CSRF Protection comes in two forms, an X-CSRF-Protection header, which can be set on XHR requests, or a signed double-submit cookie, which are to be used for form posts and full-page navigations.

For the double-submit method, the CSRF Token can be requested from the /api/meta/config endpoint. It is valid for 6 hours, querying the config endpoint will extend the expiration. The token should be passed to the server in a csrf-token query param.

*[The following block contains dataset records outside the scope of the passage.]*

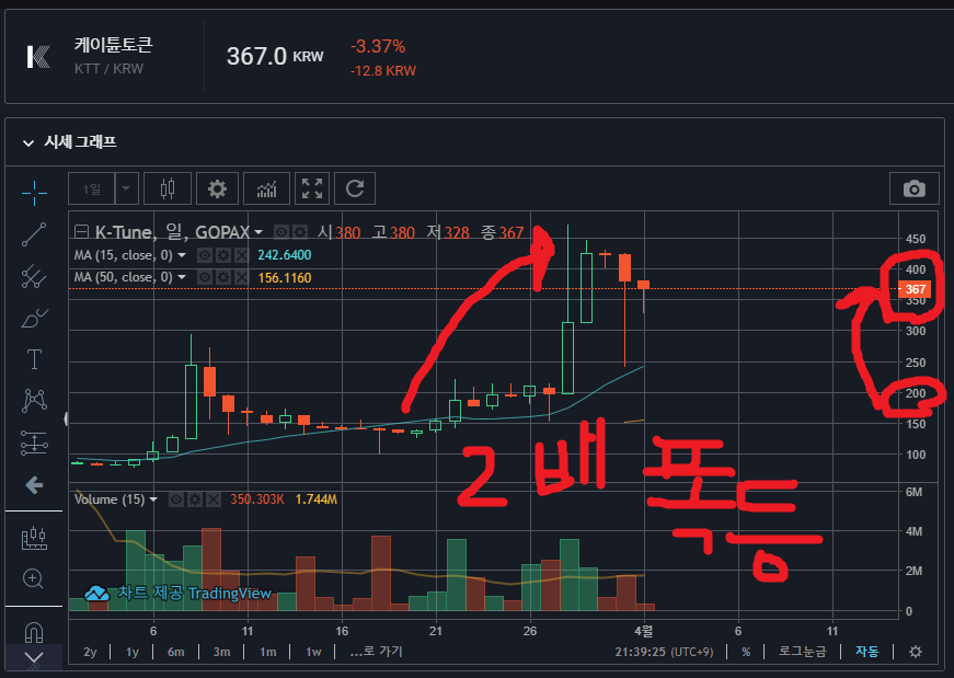 실제로 며칠 전까지만 해도 에어드랍 이벤트로 지급되었던 KTT 코인이 갑자기 폭등하는 일이 일어났습니다.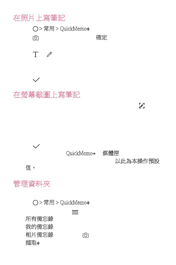 所有備忘錄:查看 QuickMemo+ 中所有儲存的筆記。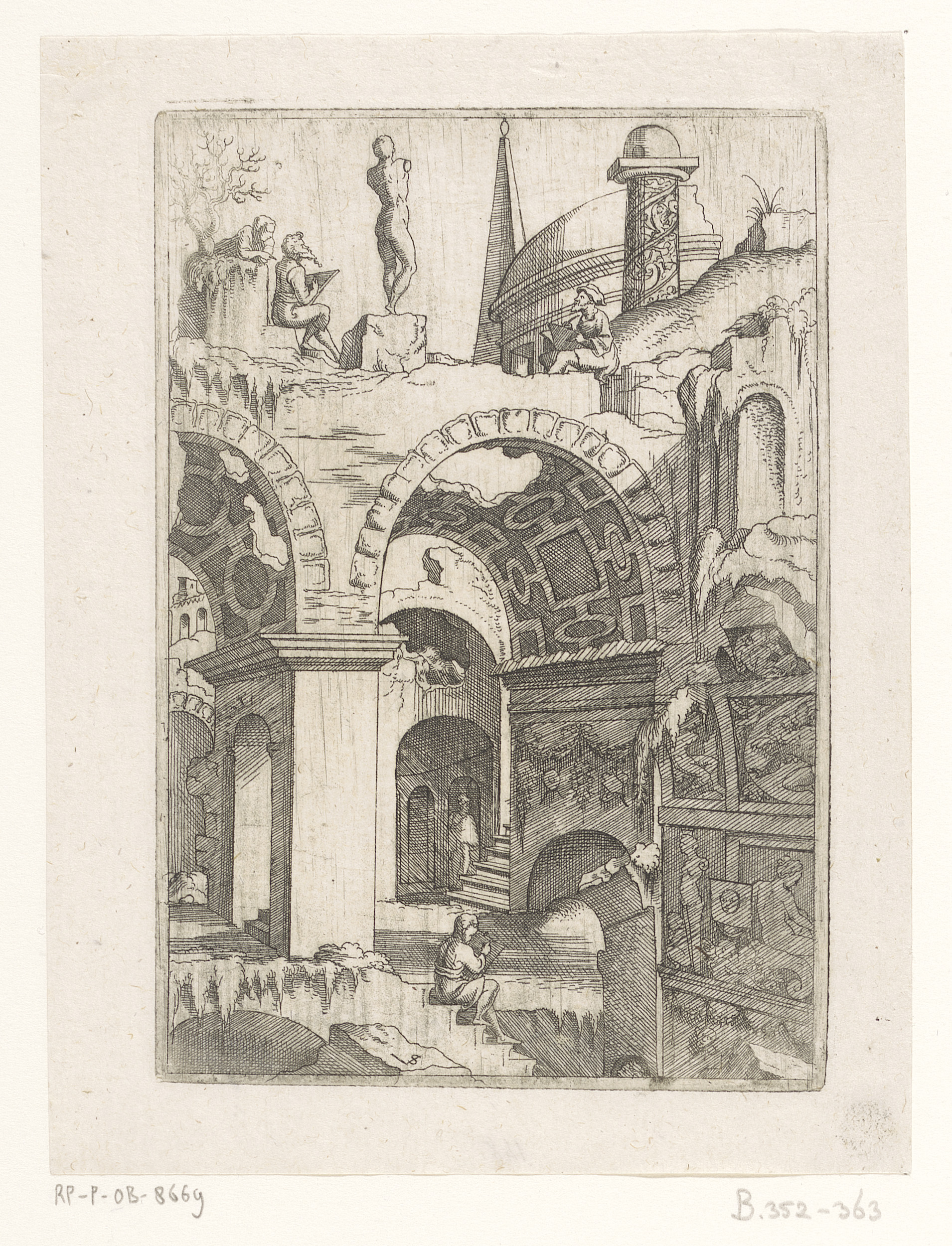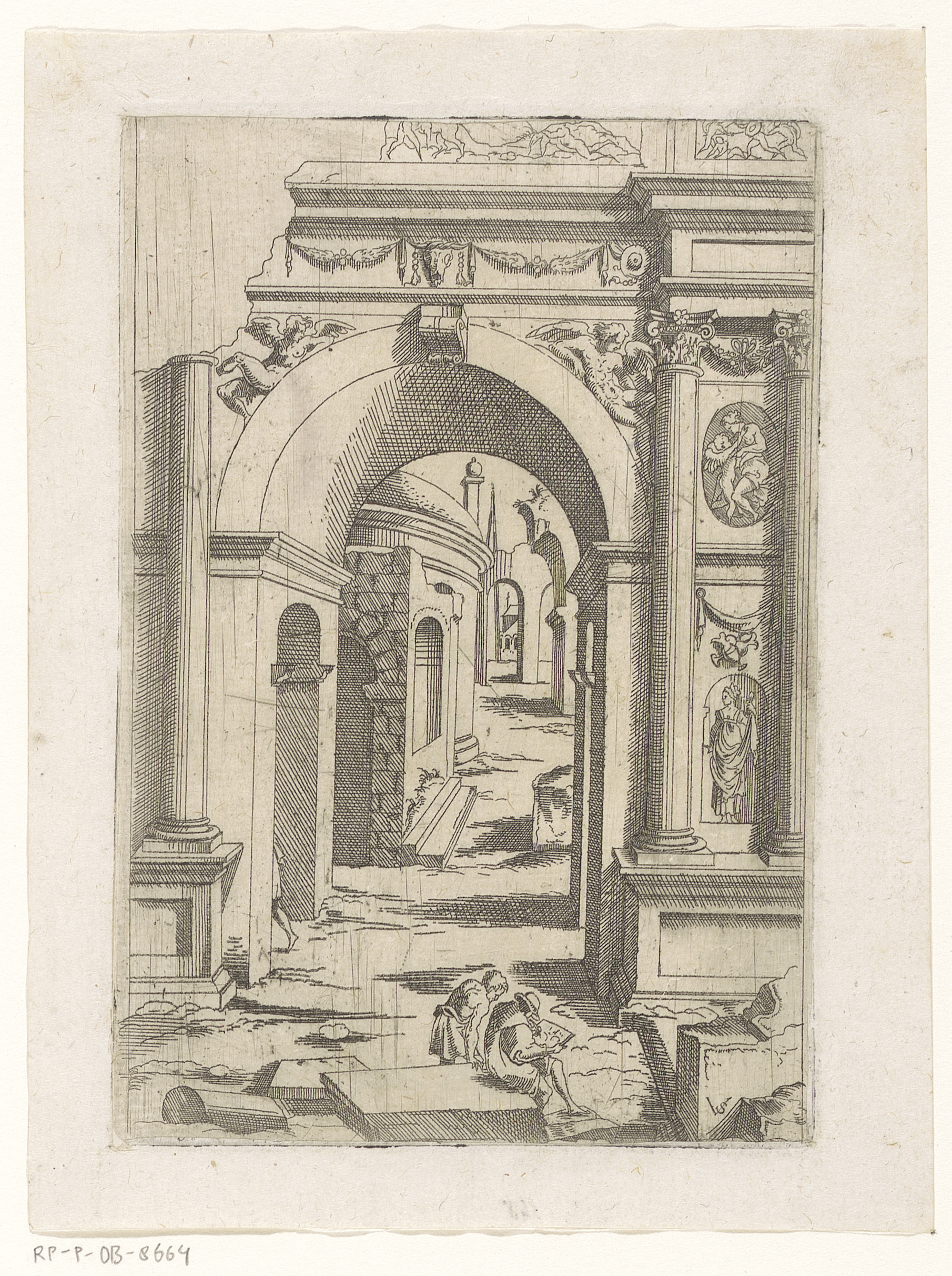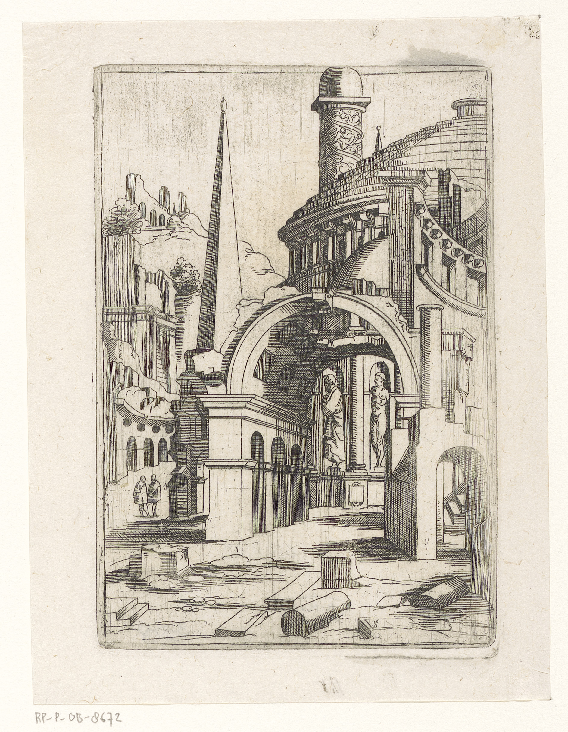 Ruïnes met een obelisk, koepel en triomfzuil

The token can also be found in the pf-ct cookie. If you are using the cookie instead of requesting the token from the config endpoint then your server code will need to call prefab.SendCSRFToken(ctx, signingKey) at somepoint in the user journey to ensure the cookie is set.

Example XHR:

fetch("/api/users/154", {
  method: "PATCH",
  headers: {
    "Content-Type": "application/json",
    "X-CSRF-Protection": 1,
  },
  credentials: "include",
  body: JSON.stringify({
    name: "Frodo Baggins",
  }),
});

Security Headers

XFrameOptions, HSTS, and CORS can be configured via the config file or using prefab.WithSecurityHeaders.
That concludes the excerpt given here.